Factor D (FD), which is also known as adipsin, is regarded as the first-acting protease of the alternative pathway (AP) of complement. It has been suggested that FD is secreted as a mature enzyme that does not require subsequent activation. This view was challenged when it was shown that mice lacking mannose-binding lectin (MBL)-associated serine protease-1 (MASP-1) and MASP-3 contain zymogenic FD (pro-FD), and it is becoming evident that MASP-3 is implicated in pro-FD maturation. However, the necessity of MASP-3 for pro-FD cleavage has been questioned, because AP activity is still observed in sera from MASP-1/3-deficient Malpuech-Michels-Mingarelli-Carnevale (3MC) patients. The identification of a novel 3MC patient carrying a previously unidentified MASP-3 G665S mutation prompted us to develop an analytical isoelectric focusing technique that resolves endogenous FD variants in complex samples. This enabled us to show that although 3MC patients predominantly contain pro-FD, they also contain detectable levels of mature FD. Moreover, using isoelectric focusing analysis, we show that both pro-FD and FD are present in the circulation of healthy donors.
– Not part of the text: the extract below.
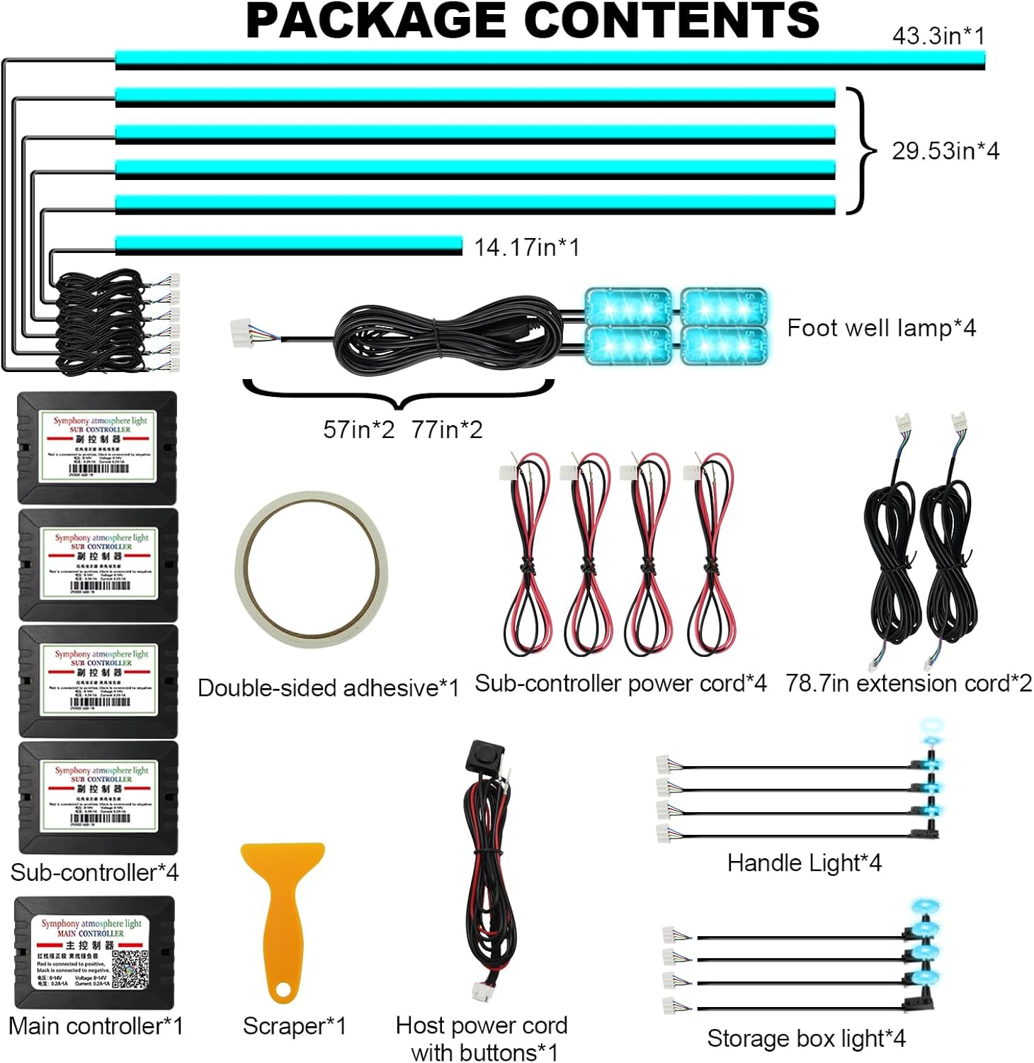 - đźššCar Ambient Light Design: AMKI car led lights includes 6 acrylic fiber optic light strips (1*14inch+4*29.5inch+1*43inch, with 593 LEDs), 4 under dash lights, 4 door handle light, 4 door storage box light, 4 woofer lights, one master controller and 4 slave controller, all required installation tools are included, easy to install,without worrying about exposed wiring or an untidy look.

We characterized the naturally occurring 3MC-associated MASP-3 mutants and found that they all yielded enzymatically inactive proteins. Using MASP-3-depleted human serum, serum from 3MC patients, and Masp1/3-/- mice, we found that lack of enzymatically active MASP-3, or complete MASP-3 deficiency, compromises the conversion of pro-FD to FD. In summary, our observations emphasize that MASP-3 acts as an important maturase in the AP of complement, while also highlighting that there exists MASP-3-independent pro-FD maturation in 3MC patients.